A. Representative images of Hematoxylin & Eosin (H&E) staining on control and Pik3c3 deleted embryo sections at E5.5, E6.5 and E7.5. Arrows in E6.5 and E7.5 embryo point to ectoplacental cone (epc), extraembryonic ectoderm (eee), embryonic ectoderm (ee), mesoderm (m), proamniotic cavity (pc), visceral endoderm (ve). The mutant embryos are disorganized, smaller in size and have much less number of cells compared with controls. Scale bars: 100 µm.

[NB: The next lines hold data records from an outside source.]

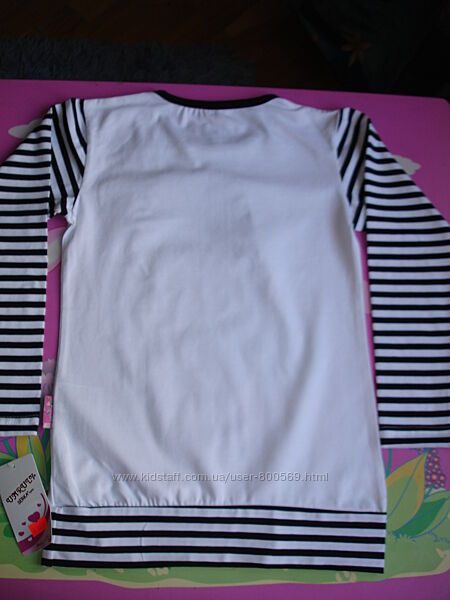 Изумительная туника, футболка, кофточка, джемпер для девочки с длинным рукавом .Цвет: белый с черным.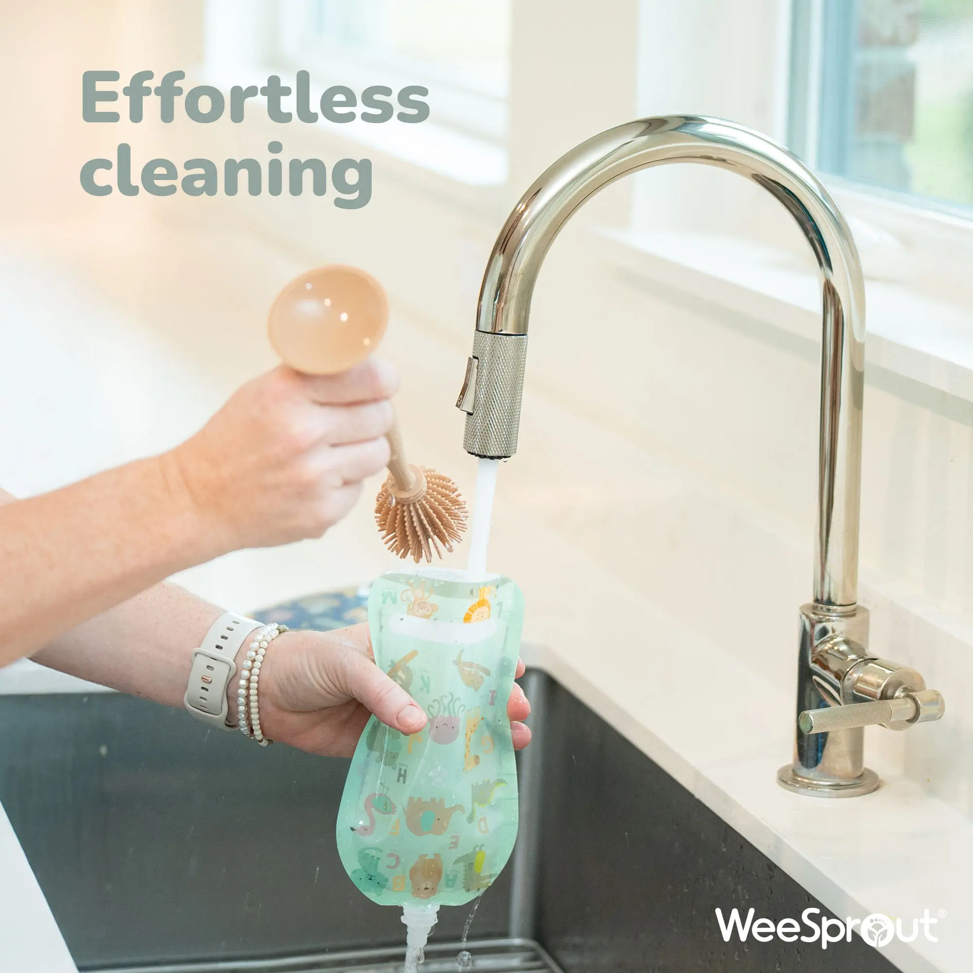 ·Extra wide zipper-opening makes filling and cleaning easy. When cleaning, water flows through the zipper opening and out the spout. There are no pesky corners to trap food.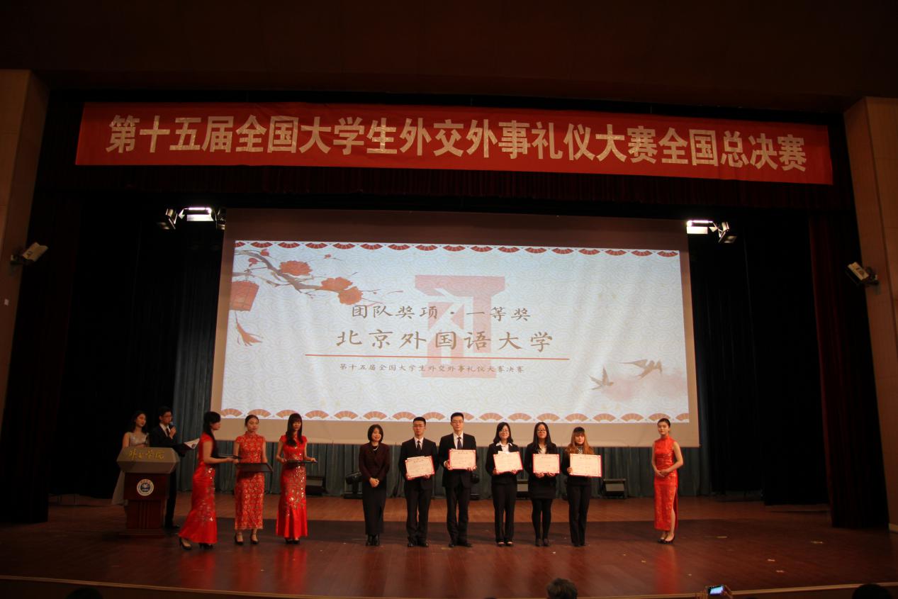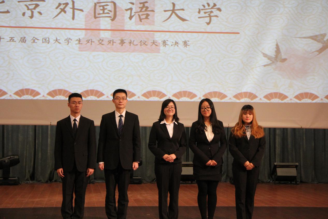 11月26至27日,第十五届全国大学生外交外事礼仪大赛在外交学院成功举行,来自澳门大学、北京大学、清华大学、外交学院等全国各地的三十支代表队展开了激烈角逐。最终,由pg娱乐2014级本科生徐颖、尚凌锋,2015级本科生李明阳,西班牙语葡萄牙语系2015级本科生程龙、杨裕嘉五位同学组成的北京外国语大学代表队获得了冠军。

Pik3c3 mutant embryos lack mesoderm
We next examined the expression of molecular markers for different embryonic layers at E6.5. Visceral endoderm in wild-type embryos expresses transcription factors Hnf4 (hepatocyte nuclear factor-4) [35], [36] and Gata4 [37], [38] (Figure 3A1 and 3A3). Both markers also label a thin layer of cells covering the mutant embryos (Figure 3A2 and 3A4), suggesting that mutant embryos indeed possess visceral endoderm. On the other hand, morphological and histological studies mentioned above implicate a missing mesoderm in mutant embryos. Consistent with this, the transcript factor Brachyury that labels primitive streak at E6.5 in wild-type animals [39] (Figure 3A5) is completely missing in mutant embryos (Figure 3A6). The results further confirm that mutant embryos fail to form mesoderm.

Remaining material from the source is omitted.